Task directions: Repeat the records below verbatim.

═══ Data for this task ═══

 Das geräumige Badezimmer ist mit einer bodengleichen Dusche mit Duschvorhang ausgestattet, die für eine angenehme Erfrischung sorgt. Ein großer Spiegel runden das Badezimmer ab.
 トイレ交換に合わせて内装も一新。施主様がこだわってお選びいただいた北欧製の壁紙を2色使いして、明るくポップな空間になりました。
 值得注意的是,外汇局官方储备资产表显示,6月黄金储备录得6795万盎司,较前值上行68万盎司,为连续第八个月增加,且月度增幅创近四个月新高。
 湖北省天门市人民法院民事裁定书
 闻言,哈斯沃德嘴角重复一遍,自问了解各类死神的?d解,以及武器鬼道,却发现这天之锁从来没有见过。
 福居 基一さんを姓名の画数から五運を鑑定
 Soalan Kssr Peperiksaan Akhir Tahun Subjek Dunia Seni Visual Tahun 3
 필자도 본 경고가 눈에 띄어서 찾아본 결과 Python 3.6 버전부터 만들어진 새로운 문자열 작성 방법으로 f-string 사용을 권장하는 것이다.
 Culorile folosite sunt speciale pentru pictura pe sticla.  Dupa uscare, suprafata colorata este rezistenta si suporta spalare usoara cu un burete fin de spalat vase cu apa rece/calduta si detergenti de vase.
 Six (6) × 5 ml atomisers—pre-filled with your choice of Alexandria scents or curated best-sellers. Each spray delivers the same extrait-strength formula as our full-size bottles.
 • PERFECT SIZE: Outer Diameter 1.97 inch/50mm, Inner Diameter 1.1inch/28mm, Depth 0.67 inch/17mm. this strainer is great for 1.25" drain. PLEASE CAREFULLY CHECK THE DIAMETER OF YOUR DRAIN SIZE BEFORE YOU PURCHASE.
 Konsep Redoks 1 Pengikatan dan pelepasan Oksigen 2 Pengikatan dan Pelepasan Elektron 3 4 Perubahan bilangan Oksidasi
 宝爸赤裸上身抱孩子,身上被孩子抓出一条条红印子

═══

Answer to this task:
 Das geräumige Badezimmer ist mit einer bodengleichen Dusche mit Duschvorhang ausgestattet, die für eine angenehme Erfrischung sorgt. Ein großer Spiegel runden das Badezimmer ab.
 トイレ交換に合わせて内装も一新。施主様がこだわってお選びいただいた北欧製の壁紙を2色使いして、明るくポップな空間になりました。
 值得注意的是,外汇局官方储备资产表显示,6月黄金储备录得6795万盎司,较前值上行68万盎司,为连续第八个月增加,且月度增幅创近四个月新高。
 湖北省天门市人民法院民事裁定书
 闻言,哈斯沃德嘴角重复一遍,自问了解各类死神的?d解,以及武器鬼道,却发现这天之锁从来没有见过。
 福居 基一さんを姓名の画数から五運を鑑定
 Soalan Kssr Peperiksaan Akhir Tahun Subjek Dunia Seni Visual Tahun 3
 필자도 본 경고가 눈에 띄어서 찾아본 결과 Python 3.6 버전부터 만들어진 새로운 문자열 작성 방법으로 f-string 사용을 권장하는 것이다.
 Culorile folosite sunt speciale pentru pictura pe sticla.  Dupa uscare, suprafata colorata este rezistenta si suporta spalare usoara cu un burete fin de spalat vase cu apa rece/calduta si detergenti de vase.
 Six (6) × 5 ml atomisers—pre-filled with your choice of Alexandria scents or curated best-sellers. Each spray delivers the same extrait-strength formula as our full-size bottles.
 • PERFECT SIZE: Outer Diameter 1.97 inch/50mm, Inner Diameter 1.1inch/28mm, Depth 0.67 inch/17mm. this strainer is great for 1.25" drain. PLEASE CAREFULLY CHECK THE DIAMETER OF YOUR DRAIN SIZE BEFORE YOU PURCHASE.
 Konsep Redoks 1 Pengikatan dan pelepasan Oksigen 2 Pengikatan dan Pelepasan Elektron 3 4 Perubahan bilangan Oksidasi
 宝爸赤裸上身抱孩子,身上被孩子抓出一条条红印子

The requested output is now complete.